___ Dataset content

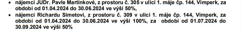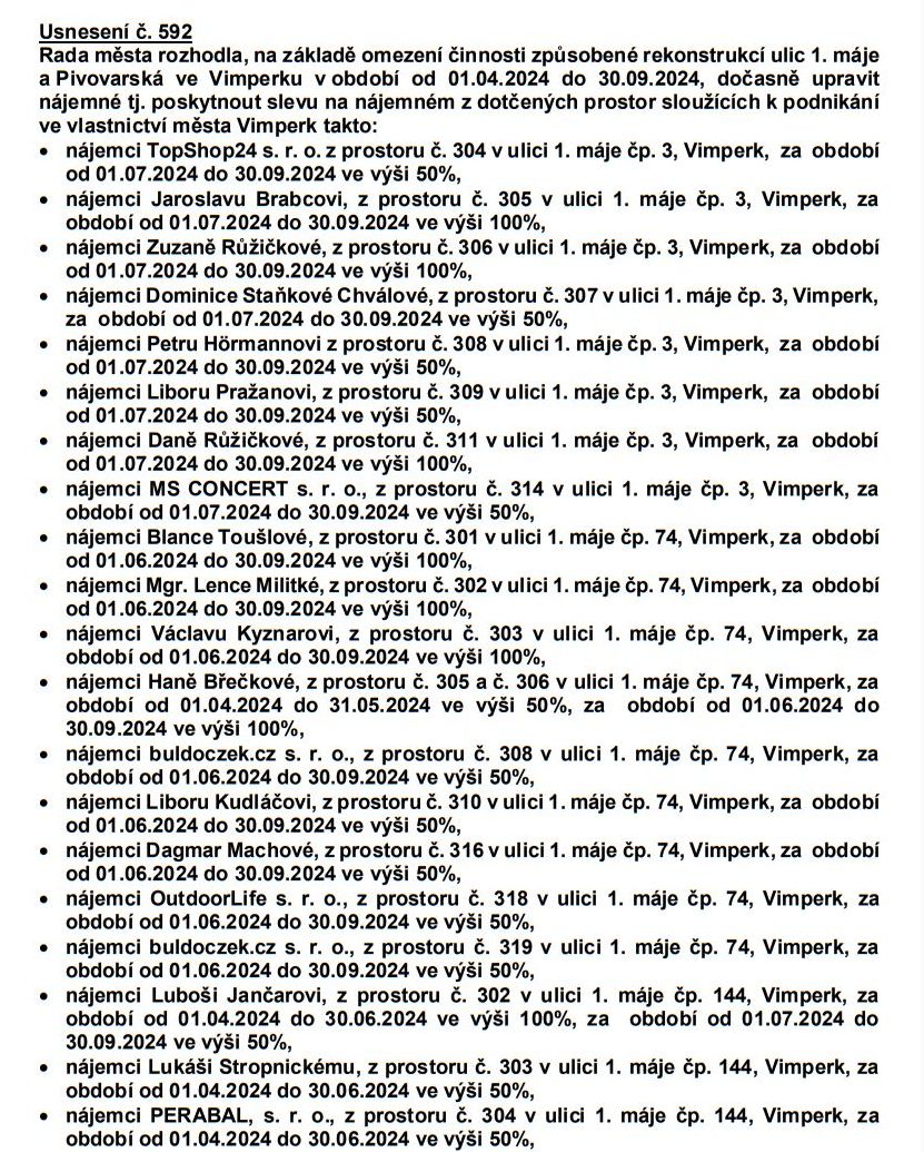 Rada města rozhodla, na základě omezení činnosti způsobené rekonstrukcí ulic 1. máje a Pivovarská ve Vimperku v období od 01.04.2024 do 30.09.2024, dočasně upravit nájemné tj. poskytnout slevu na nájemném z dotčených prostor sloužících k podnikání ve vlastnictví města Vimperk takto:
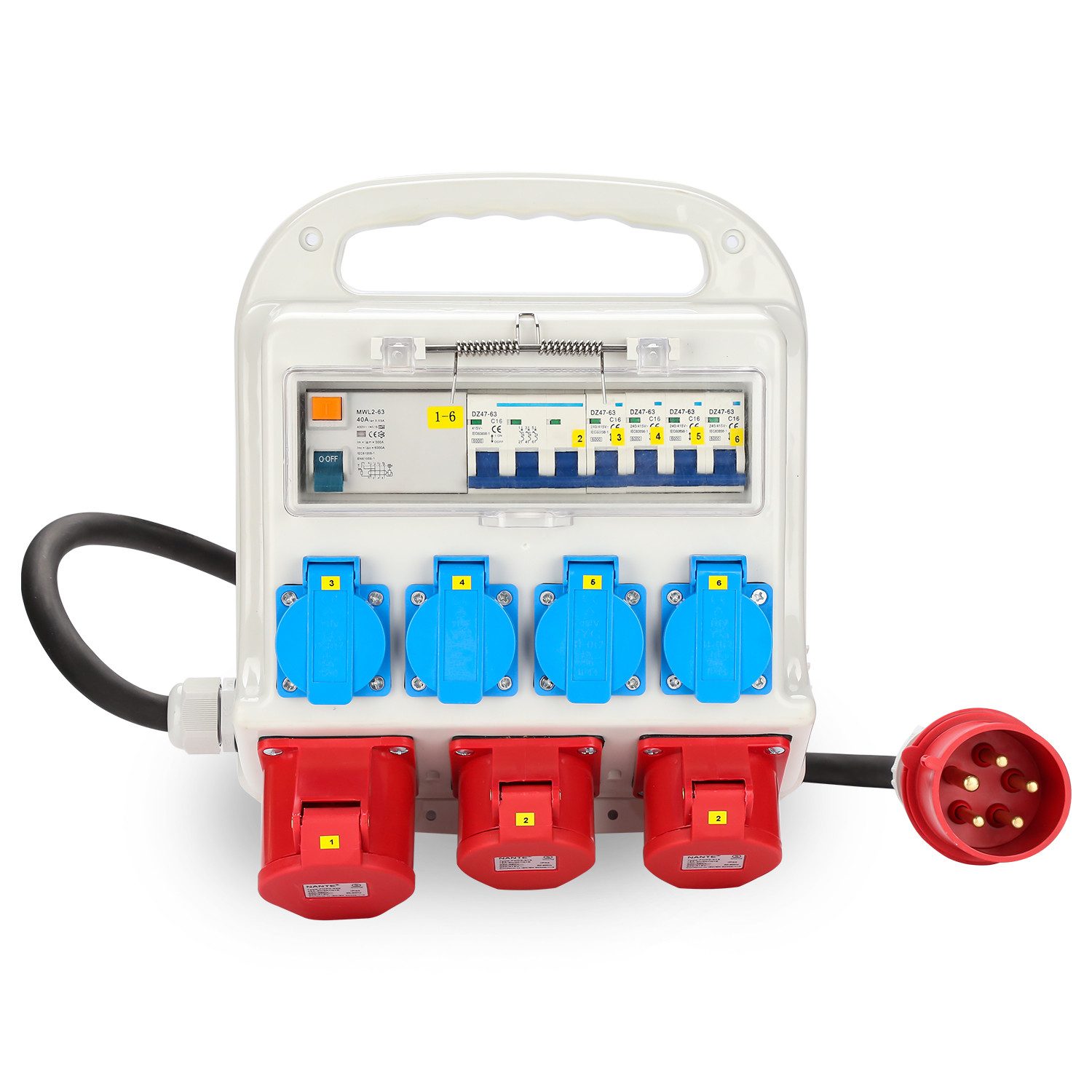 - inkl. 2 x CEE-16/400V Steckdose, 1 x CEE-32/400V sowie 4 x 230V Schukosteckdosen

______
___ Dataset content

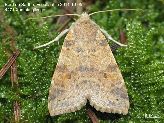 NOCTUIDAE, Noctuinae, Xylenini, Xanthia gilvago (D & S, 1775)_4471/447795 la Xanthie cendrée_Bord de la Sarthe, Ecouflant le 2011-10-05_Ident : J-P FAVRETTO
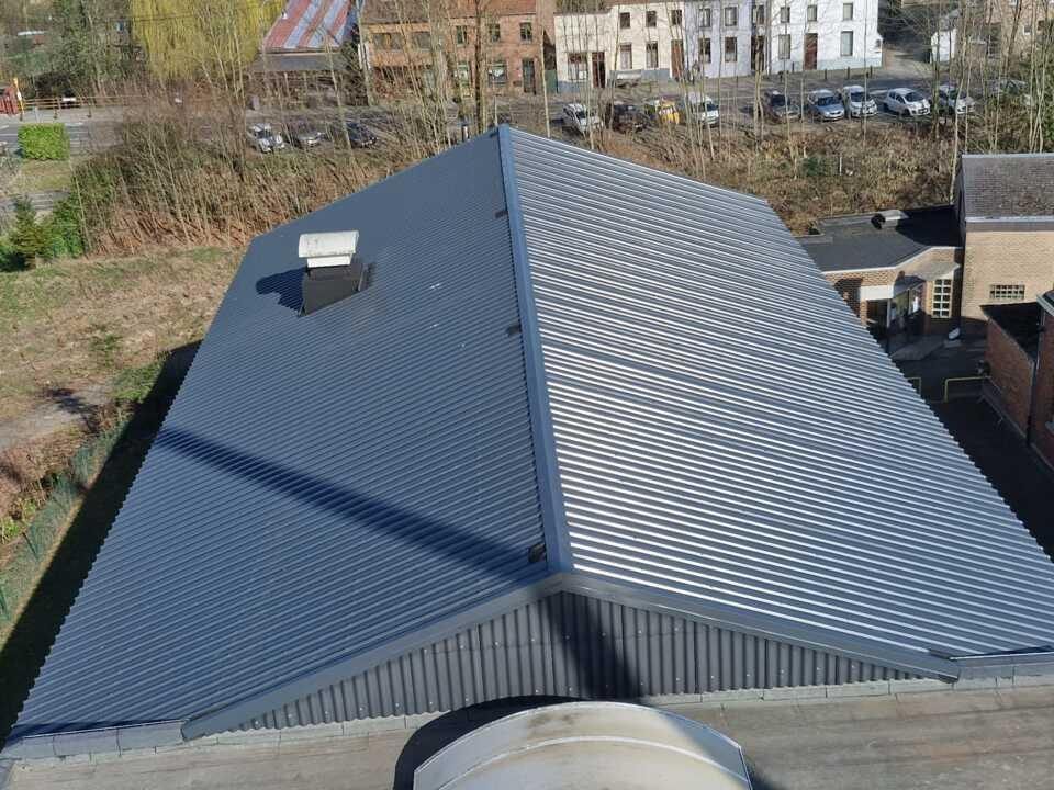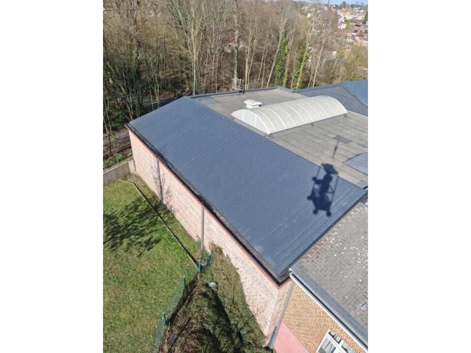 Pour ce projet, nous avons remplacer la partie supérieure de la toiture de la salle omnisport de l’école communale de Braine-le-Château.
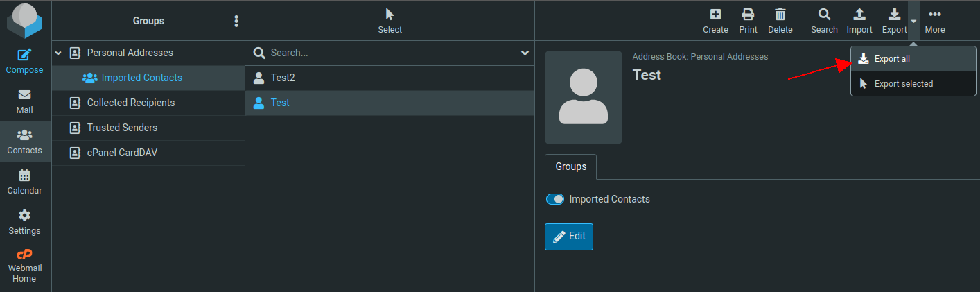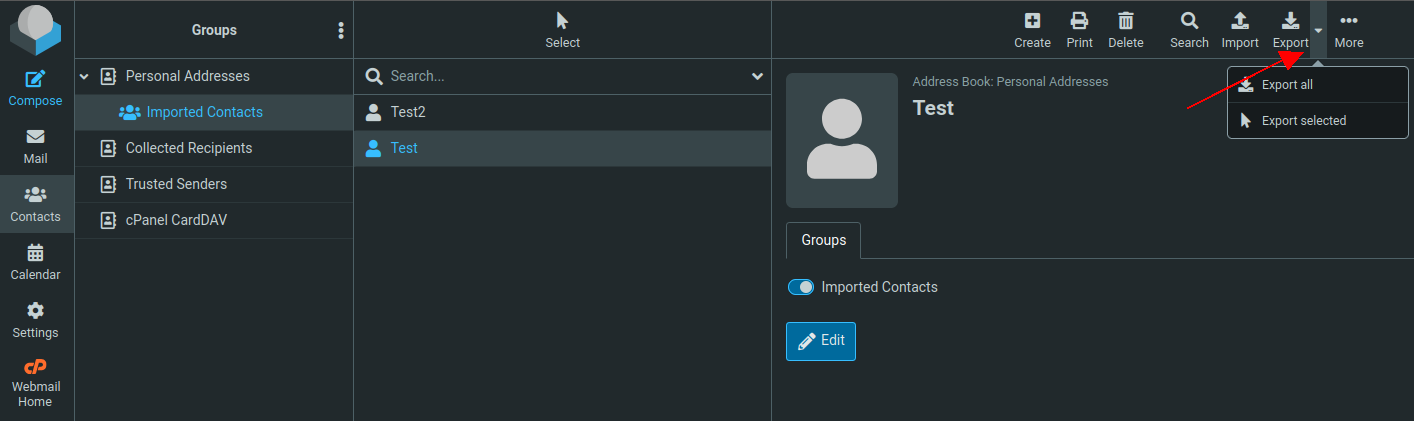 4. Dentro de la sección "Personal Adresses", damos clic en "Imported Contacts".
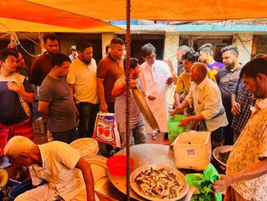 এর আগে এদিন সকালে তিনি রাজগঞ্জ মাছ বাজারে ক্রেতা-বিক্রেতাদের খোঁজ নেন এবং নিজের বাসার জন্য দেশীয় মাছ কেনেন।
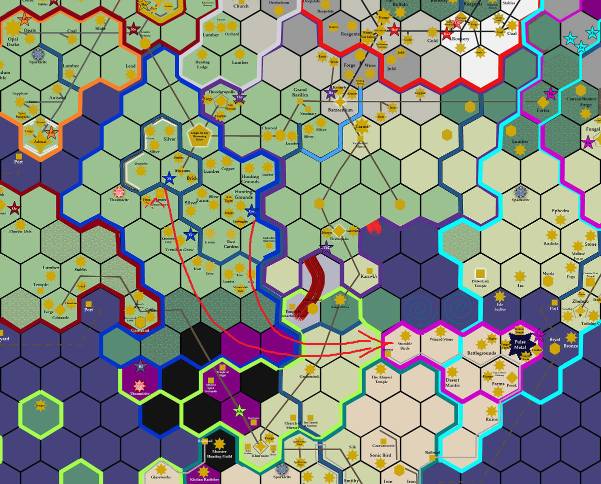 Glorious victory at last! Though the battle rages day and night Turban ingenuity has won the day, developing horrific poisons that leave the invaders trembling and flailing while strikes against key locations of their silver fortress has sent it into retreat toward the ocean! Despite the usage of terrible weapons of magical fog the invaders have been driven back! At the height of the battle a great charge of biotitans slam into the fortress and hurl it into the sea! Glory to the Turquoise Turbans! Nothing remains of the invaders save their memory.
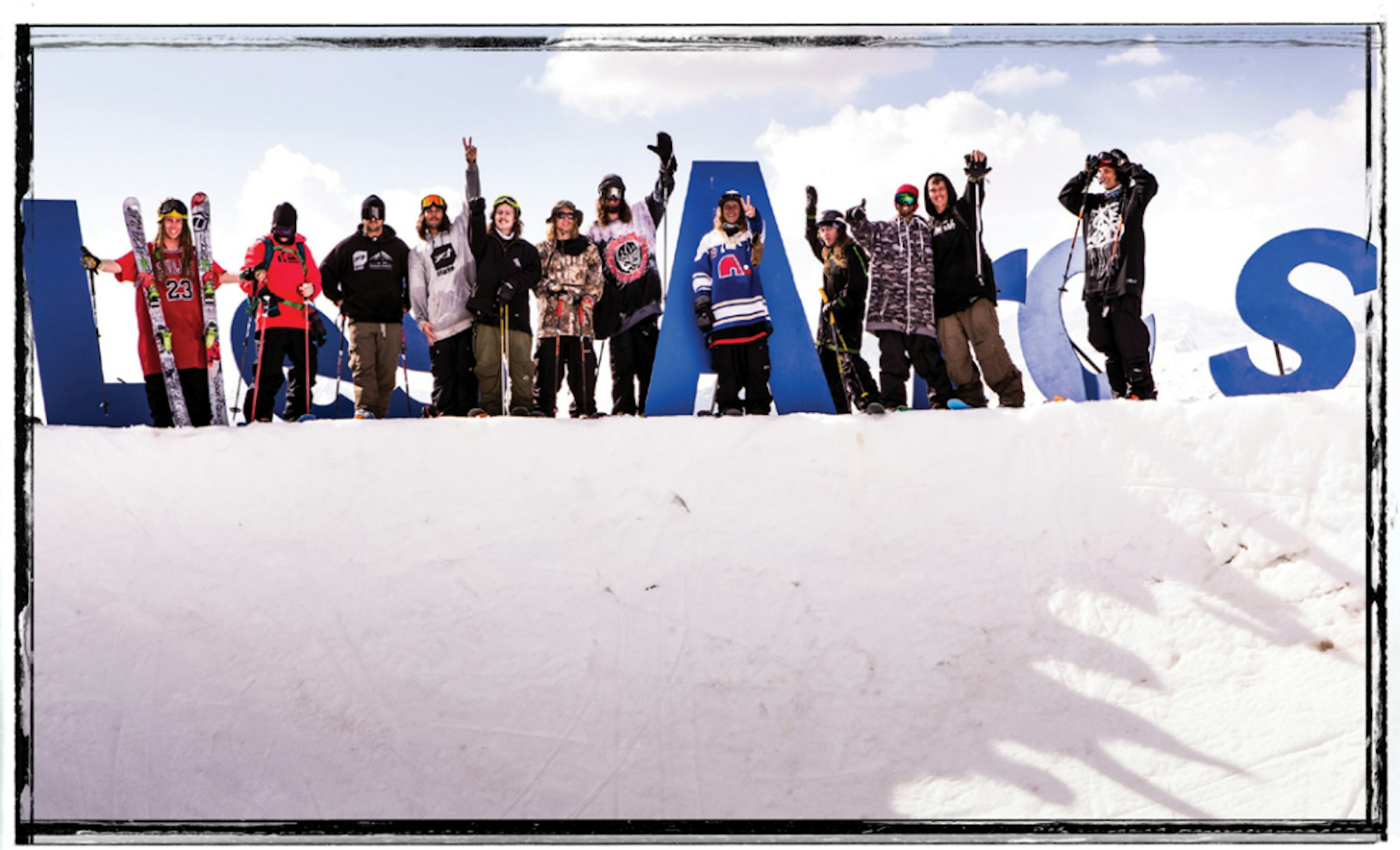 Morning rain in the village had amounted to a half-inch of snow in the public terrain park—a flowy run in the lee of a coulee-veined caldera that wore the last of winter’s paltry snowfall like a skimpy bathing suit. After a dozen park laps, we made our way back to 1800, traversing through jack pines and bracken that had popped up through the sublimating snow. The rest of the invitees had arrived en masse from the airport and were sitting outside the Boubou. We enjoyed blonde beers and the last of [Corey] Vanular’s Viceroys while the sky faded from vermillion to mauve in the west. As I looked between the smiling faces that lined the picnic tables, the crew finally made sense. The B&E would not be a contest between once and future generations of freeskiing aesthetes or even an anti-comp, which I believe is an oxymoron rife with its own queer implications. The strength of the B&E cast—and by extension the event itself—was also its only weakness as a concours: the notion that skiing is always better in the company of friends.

______
___ Dataset content

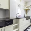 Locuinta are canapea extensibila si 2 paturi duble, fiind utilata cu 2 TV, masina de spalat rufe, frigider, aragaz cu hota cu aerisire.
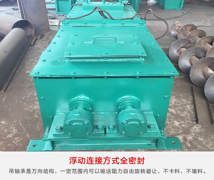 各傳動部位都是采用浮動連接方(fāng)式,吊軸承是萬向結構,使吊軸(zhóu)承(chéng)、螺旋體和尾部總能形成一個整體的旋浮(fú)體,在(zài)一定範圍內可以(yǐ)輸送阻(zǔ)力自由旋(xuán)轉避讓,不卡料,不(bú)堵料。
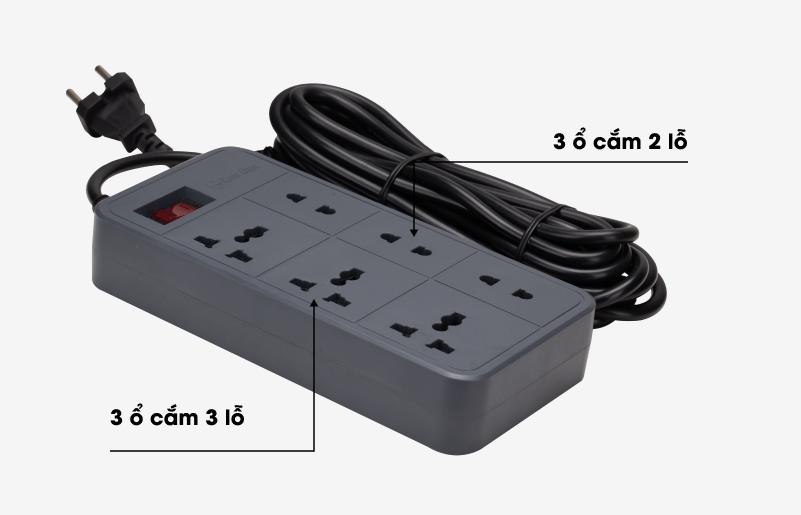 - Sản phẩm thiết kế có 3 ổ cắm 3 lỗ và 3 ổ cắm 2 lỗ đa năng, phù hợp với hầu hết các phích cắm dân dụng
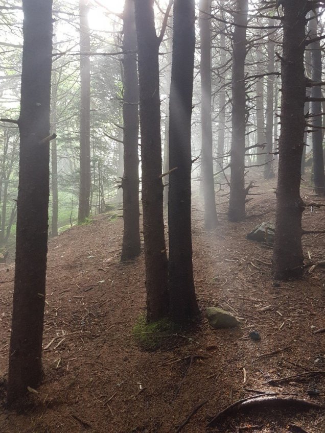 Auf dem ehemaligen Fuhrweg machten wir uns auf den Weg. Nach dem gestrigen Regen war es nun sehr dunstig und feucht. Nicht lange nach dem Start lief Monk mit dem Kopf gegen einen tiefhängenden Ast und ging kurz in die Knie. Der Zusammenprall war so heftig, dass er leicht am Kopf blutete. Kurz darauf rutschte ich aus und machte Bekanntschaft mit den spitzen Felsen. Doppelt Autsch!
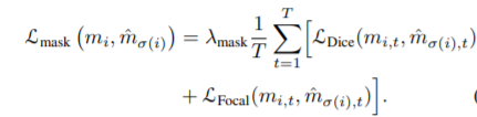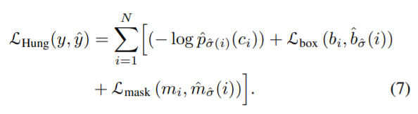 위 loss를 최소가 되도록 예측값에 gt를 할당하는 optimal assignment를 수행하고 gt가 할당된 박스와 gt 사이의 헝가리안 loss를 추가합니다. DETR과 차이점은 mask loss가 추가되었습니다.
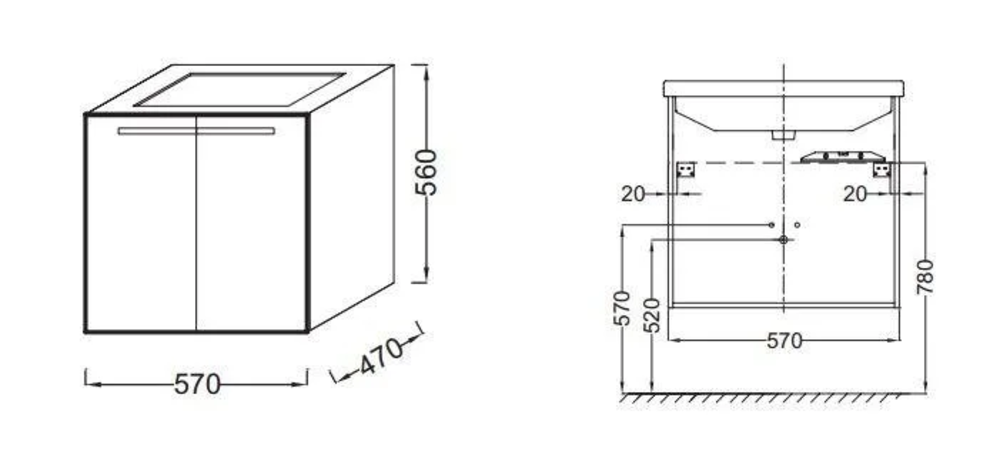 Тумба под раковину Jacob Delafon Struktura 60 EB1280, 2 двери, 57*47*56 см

______

- [What you are asked to do] Print the part of the listing above that opens with the line containing "Locuinta are canapea" and closes with the line containing "Тумба под раковину". Copy it exactly, both ends included, and omit the pictures.

- [Answer box]
 Locuinta are canapea extensibila si 2 paturi duble, fiind utilata cu 2 TV, masina de spalat rufe, frigider, aragaz cu hota cu aerisire.
 各傳動部位都是采用浮動連接方(fāng)式,吊軸承是萬向結構,使吊軸(zhóu)承(chéng)、螺旋體和尾部總能形成一個整體的旋浮(fú)體,在(zài)一定範圍內可以(yǐ)輸送阻(zǔ)力自由旋(xuán)轉避讓,不卡料,不(bú)堵料。
 - Sản phẩm thiết kế có 3 ổ cắm 3 lỗ và 3 ổ cắm 2 lỗ đa năng, phù hợp với hầu hết các phích cắm dân dụng
 Auf dem ehemaligen Fuhrweg machten wir uns auf den Weg. Nach dem gestrigen Regen war es nun sehr dunstig und feucht. Nicht lange nach dem Start lief Monk mit dem Kopf gegen einen tiefhängenden Ast und ging kurz in die Knie. Der Zusammenprall war so heftig, dass er leicht am Kopf blutete. Kurz darauf rutschte ich aus und machte Bekanntschaft mit den spitzen Felsen. Doppelt Autsch!
 위 loss를 최소가 되도록 예측값에 gt를 할당하는 optimal assignment를 수행하고 gt가 할당된 박스와 gt 사이의 헝가리안 loss를 추가합니다. DETR과 차이점은 mask loss가 추가되었습니다.
 Тумба под раковину Jacob Delafon Struktura 60 EB1280, 2 двери, 57*47*56 см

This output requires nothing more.